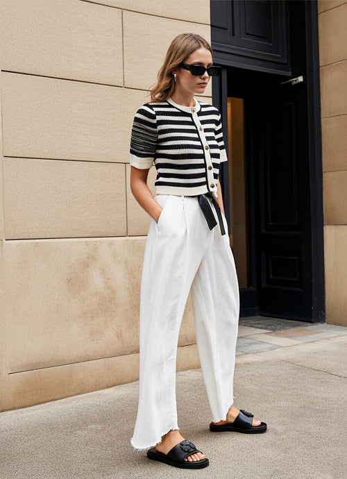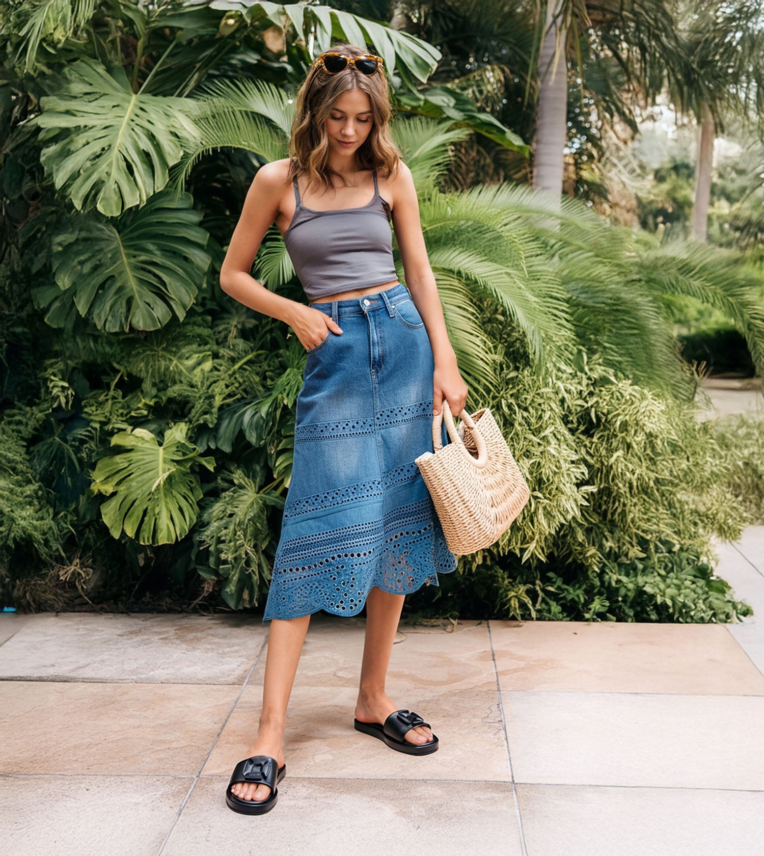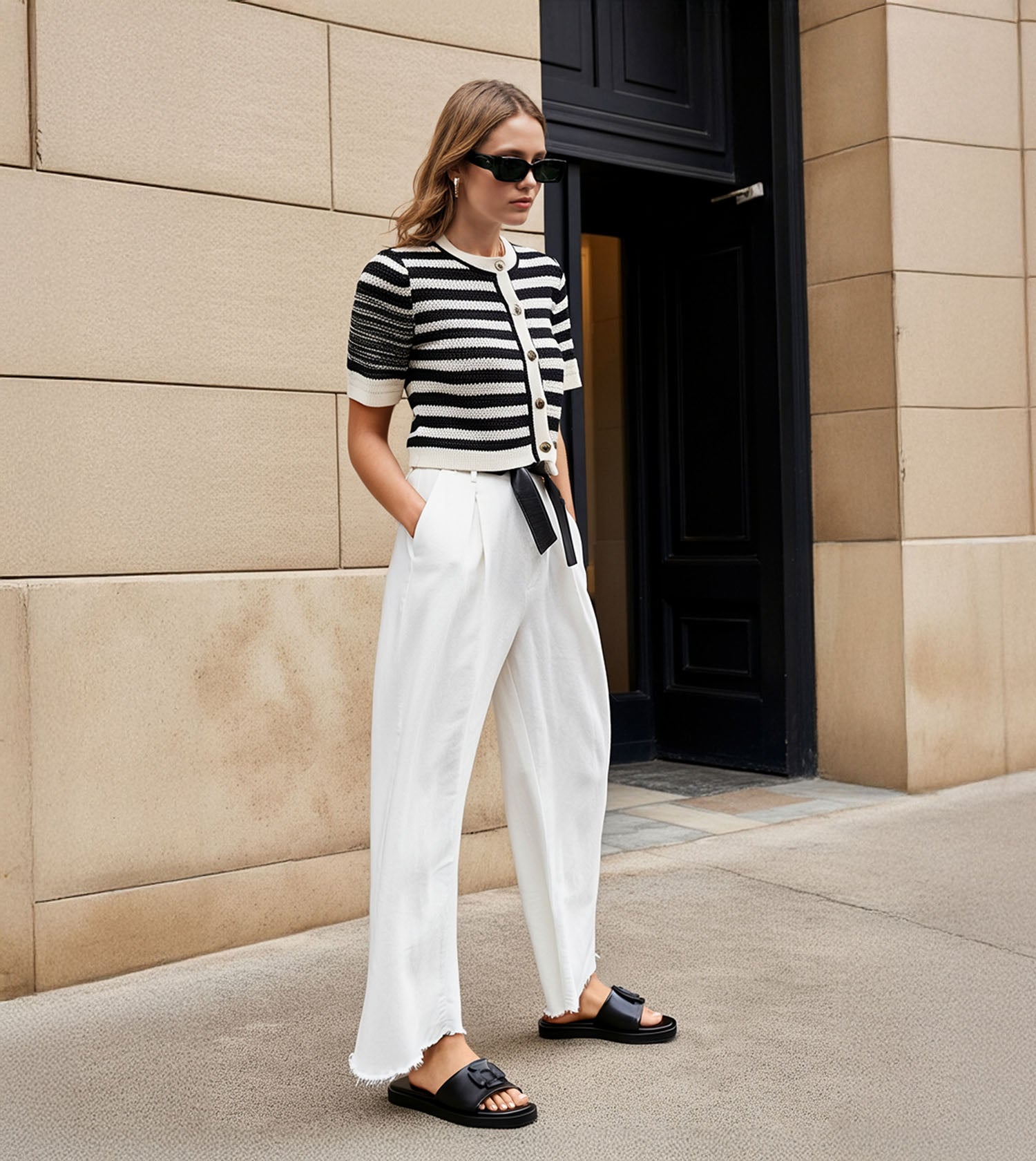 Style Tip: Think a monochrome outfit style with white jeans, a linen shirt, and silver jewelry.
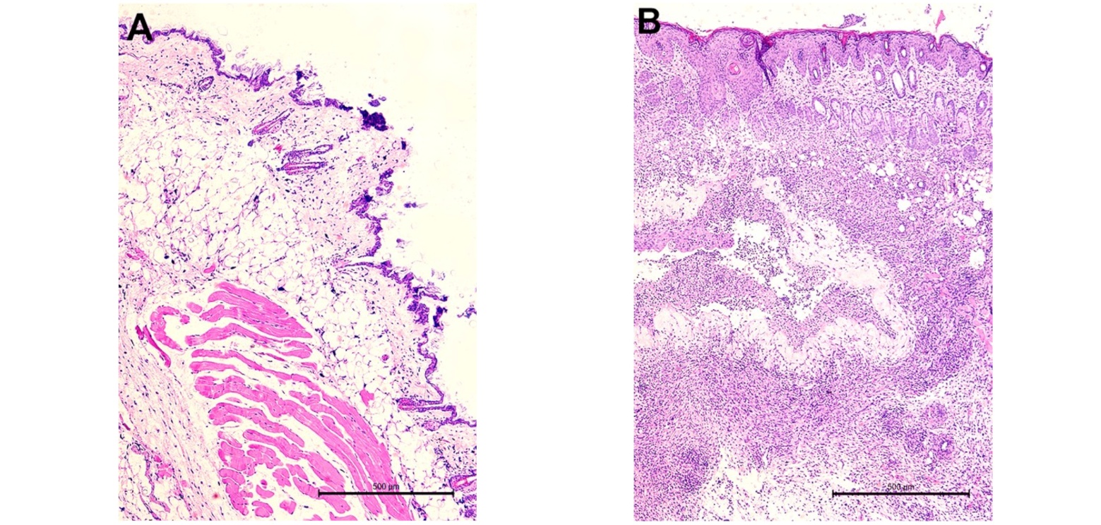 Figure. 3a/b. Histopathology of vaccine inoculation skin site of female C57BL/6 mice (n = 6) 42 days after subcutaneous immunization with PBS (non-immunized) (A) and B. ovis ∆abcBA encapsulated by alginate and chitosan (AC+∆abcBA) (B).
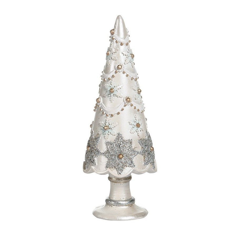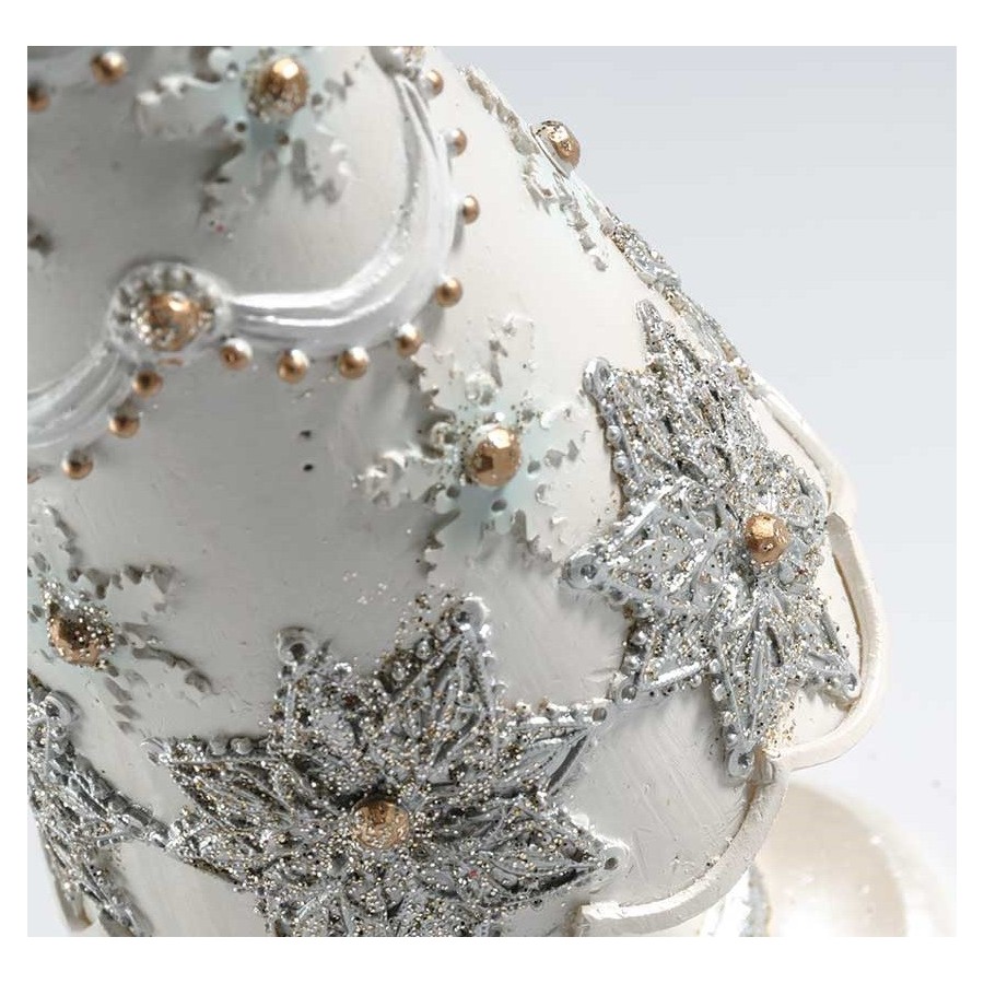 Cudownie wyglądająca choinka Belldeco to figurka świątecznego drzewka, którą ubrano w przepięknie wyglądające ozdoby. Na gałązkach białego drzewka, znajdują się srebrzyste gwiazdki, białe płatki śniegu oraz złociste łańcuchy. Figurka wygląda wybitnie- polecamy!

+++++

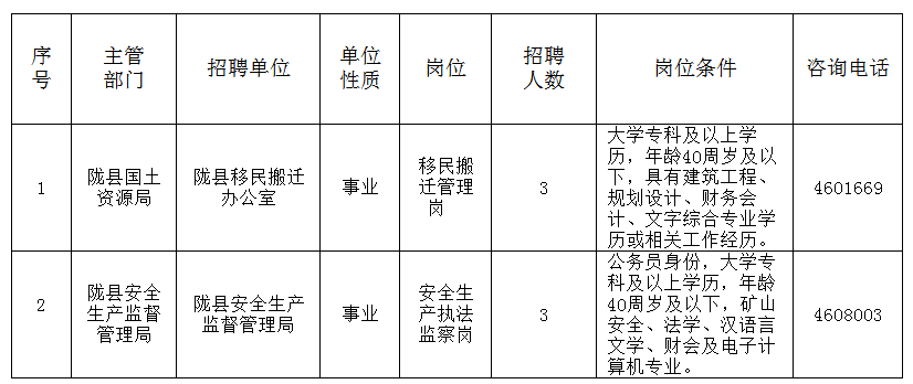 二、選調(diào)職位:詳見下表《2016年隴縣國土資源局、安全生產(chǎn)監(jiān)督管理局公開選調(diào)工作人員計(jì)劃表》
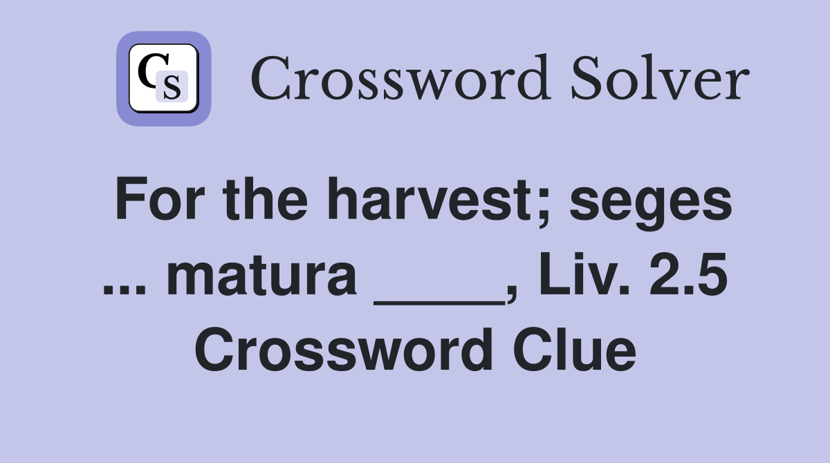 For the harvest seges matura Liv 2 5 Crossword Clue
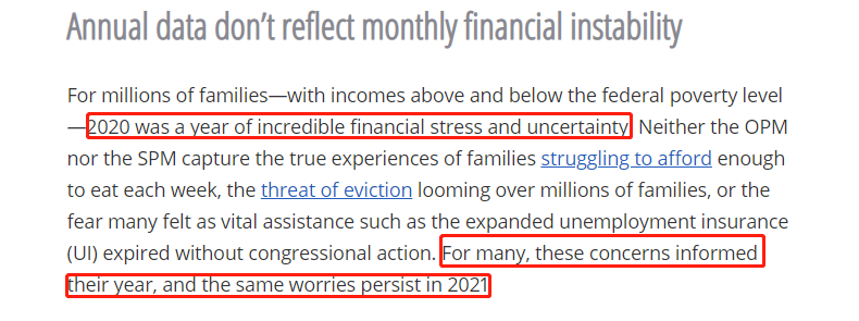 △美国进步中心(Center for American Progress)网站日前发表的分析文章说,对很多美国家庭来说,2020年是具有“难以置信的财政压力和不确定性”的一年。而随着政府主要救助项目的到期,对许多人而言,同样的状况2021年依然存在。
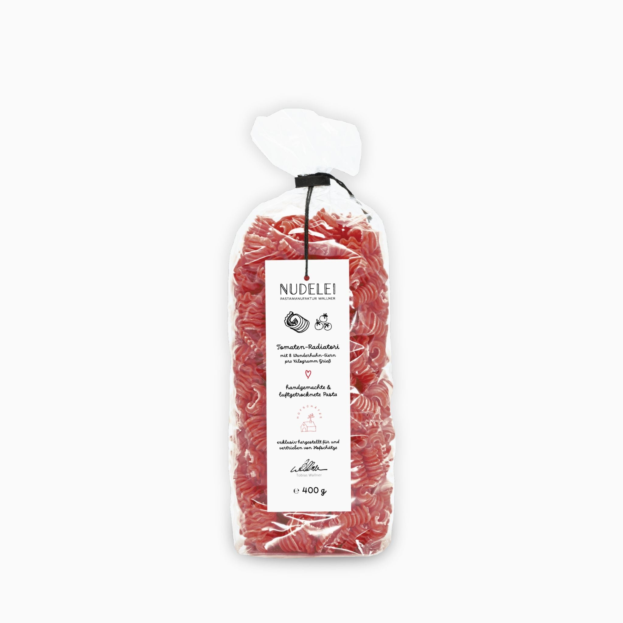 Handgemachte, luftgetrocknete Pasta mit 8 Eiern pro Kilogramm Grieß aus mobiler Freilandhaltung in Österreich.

+++++

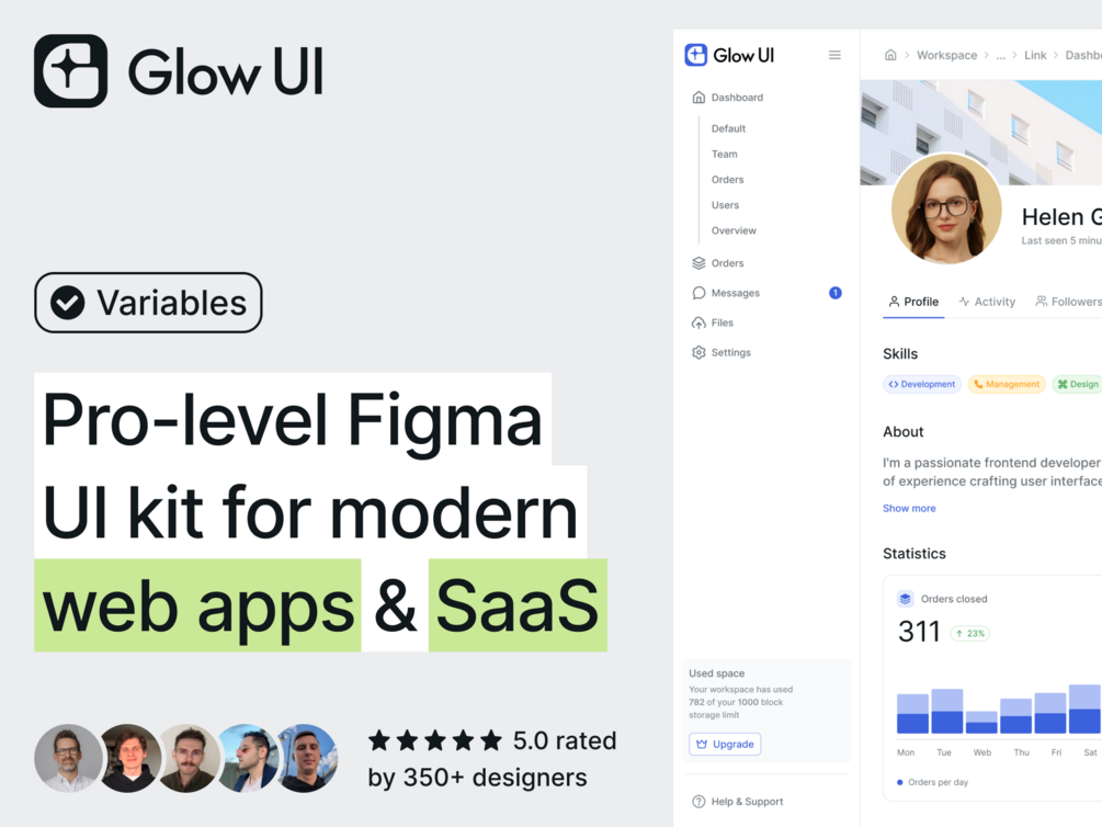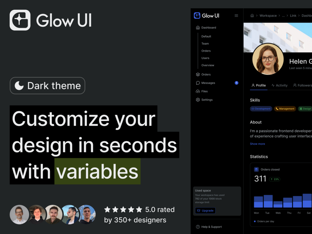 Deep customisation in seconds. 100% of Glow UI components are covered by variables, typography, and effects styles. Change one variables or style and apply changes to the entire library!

+++++

Would you copy out, exactly and with no pictures, only the lines above from the one that contains "Style Tip: Think" through the one that contains "Cudownie wyglądająca choinka"?

● **RESPONSE TO THIS TASK**:
 Style Tip: Think a monochrome outfit style with white jeans, a linen shirt, and silver jewelry.
 Figure. 3a/b. Histopathology of vaccine inoculation skin site of female C57BL/6 mice (n = 6) 42 days after subcutaneous immunization with PBS (non-immunized) (A) and B. ovis ∆abcBA encapsulated by alginate and chitosan (AC+∆abcBA) (B).
 Cudownie wyglądająca choinka Belldeco to figurka świątecznego drzewka, którą ubrano w przepięknie wyglądające ozdoby. Na gałązkach białego drzewka, znajdują się srebrzyste gwiazdki, białe płatki śniegu oraz złociste łańcuchy. Figurka wygląda wybitnie- polecamy!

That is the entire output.